The 149th New York Infantry Regiment  was an infantry regiment that served in the Union Army during the American Civil War.

Service
The 149th New York Infantry was organized at Syracuse, N.Y., and mustered in September 18, 1862.

Campaigns
The regiment, under the command of Henry A. Barnum, left Syracuse on September 23, 1862, and within a short time joined General McClellan's army. It was assigned to the Third Brigade, Geary's Division, Twelfth Corps, in which command it fought at Chancellorsville, losing there 15 killed, 68 wounded, and 103 captured or missing.
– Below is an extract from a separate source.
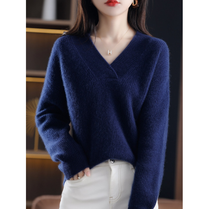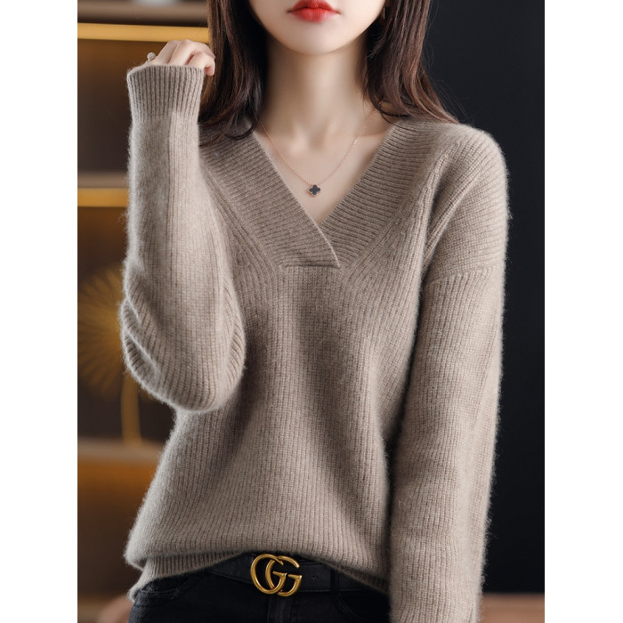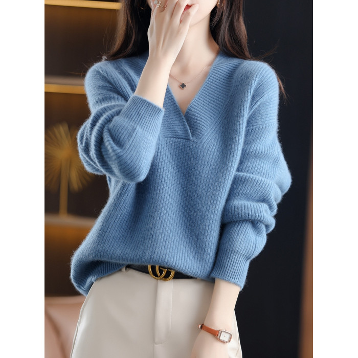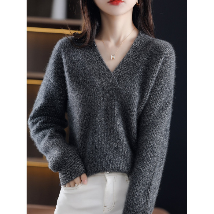 秋冬新款針織衫女寬松加厚V領毛衣韓版慵懶春秋純色套頭寬松上衣

At Gettysburg the regiment participated in the famous defense of Culp's Hill, made by Greene's Brigade, in which the One Hundred and Forty-ninth, fighting behind breastworks, lost 6 killed, 46 wounded, and 3 missing, but inflicted many times that loss on its assailants.

With the Twelfth Corps, it was transferred to the Army of the Cumberland, and the Onondaga boys fought as bravely in Tennessee as in Virginia or at Gettysburg. At Lookout Mountain, Tenn., they captured five flags while fighting under Hooker in that memorable affair, their casualties amounting to 10 killed and 64 wounded.

Before starting on the Atlanta campaign the Twelfth Corps was designated the Twentieth, its command being given to General Hooker. The regiment started on that campaign with 380 fighting men, of whom 136 were killed or wounded before reaching Atlanta. Lieutenant-Colonel Charles B. Randall, a gallant and skilful officer, was killed at Peach Tree Creek, in which action the regiment sustained its heaviest loss while on that campaign, its casualties there aggregating 17 killed, 25 wounded, and 10 missing.

The regiment after marching with Sherman to the Sea was actively engaged in the Siege of Savannah, and then marched through the Carolinas on the final campaign which ended in the surrender of Johnston.

The regiment mustered out on June 12, 1865, after participating in the Grand Review of the Armies.

Legacy
6 Medals of Honor were awarded to members of the 149th, including one to Colonel Barnum.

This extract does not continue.